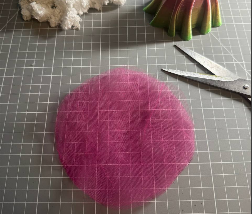 1. Вырезаем круг диаметром 10–12 см сразу из 4 слоёв фатина (чтоб не мучиться потом).
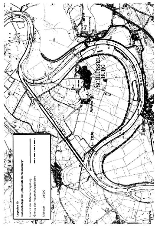 (5) 1Es ist untersagt, die Bundeswasserstraße Weser im Naturschutzgebiet „Staustufe Schlüsselburg“ zwischen Weser-km 232,06 und dem Wehr bei Weser-km 236,60 zu befahren (Lageplan 10). 2Satz 1 gilt nicht in der Zeit vom 16. April bis zum 30. September für Segelfahrzeuge mit Antriebsmaschine und sonstige Kleinfahrzeuge ohne Antriebsmaschine. 3In der Zeit vom 1. Oktober bis zum 15. April dürfen Kleinfahrzeuge ohne Antriebsmaschine nach Einstellung des Betriebes der Schleuse Schlüsselburg bis ½ Stunde nach Sonnenuntergang die in Satz 1 bezeichnete Wasserfläche zügig durchfahren. 4Wasserfahrzeuge, die die in Satz 1 genannte Wasserfläche befahren dürfen, müssen, außer im Bereich der Bootsumtragestelle und der genehmigten Steganlagen, einen Mindestabstand von 15 m zu den Ufern einhalten.
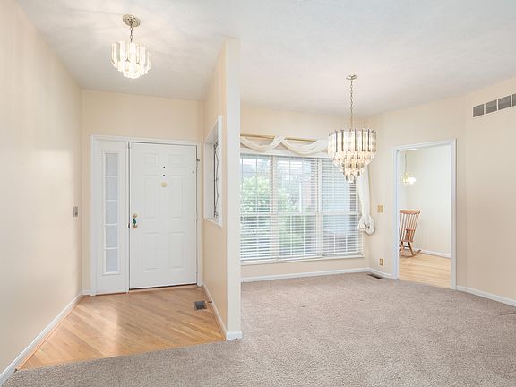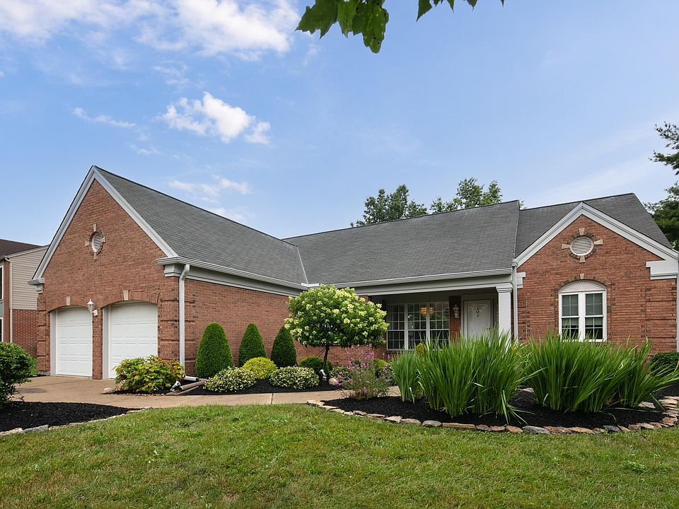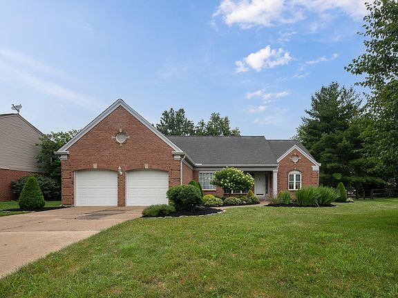 This former model home is conveniently located off Hopeful Church Road in the Persimmon Grove subdivision in Florence, Kentucky. The well-maintained, all brick home is situated on a beautifully landscaped quarter of an acre lot just 3 doors down from the neighborhood pool. Outside, you'll find a covered front porch, spacious back patio, landscaped and fenced backyard, separated garage doors w arched brick soldiering & keystones and what appears to be a newer roof. You'll love this split floor plan including a double-sided fireplace with built-in bookshelves in the living room and shelves and cabinets in the formal dining. The kitchen offers white cabinets, white appliances a sizeable pantry and hardwood floors which could be inexpensively extended into the rest of the common areas and hallways. Granite countertops are throughout. The home offers many double hung Champion Windows throughout for an abundance of natural light. Great primary bath tiled shower option awaits. But wait, there's more. This home offers a partially finished partial basement as well!

_Task requirements_
Could you reproduce exactly the lines from the first line of the listing through the line containing "(5) 1Es ist", both included, with pictures left out?

_Finished exercise_
 1. Вырезаем круг диаметром 10–12 см сразу из 4 слоёв фатина (чтоб не мучиться потом).
 (5) 1Es ist untersagt, die Bundeswasserstraße Weser im Naturschutzgebiet „Staustufe Schlüsselburg“ zwischen Weser-km 232,06 und dem Wehr bei Weser-km 236,60 zu befahren (Lageplan 10). 2Satz 1 gilt nicht in der Zeit vom 16. April bis zum 30. September für Segelfahrzeuge mit Antriebsmaschine und sonstige Kleinfahrzeuge ohne Antriebsmaschine. 3In der Zeit vom 1. Oktober bis zum 15. April dürfen Kleinfahrzeuge ohne Antriebsmaschine nach Einstellung des Betriebes der Schleuse Schlüsselburg bis ½ Stunde nach Sonnenuntergang die in Satz 1 bezeichnete Wasserfläche zügig durchfahren. 4Wasserfahrzeuge, die die in Satz 1 genannte Wasserfläche befahren dürfen, müssen, außer im Bereich der Bootsumtragestelle und der genehmigten Steganlagen, einen Mindestabstand von 15 m zu den Ufern einhalten.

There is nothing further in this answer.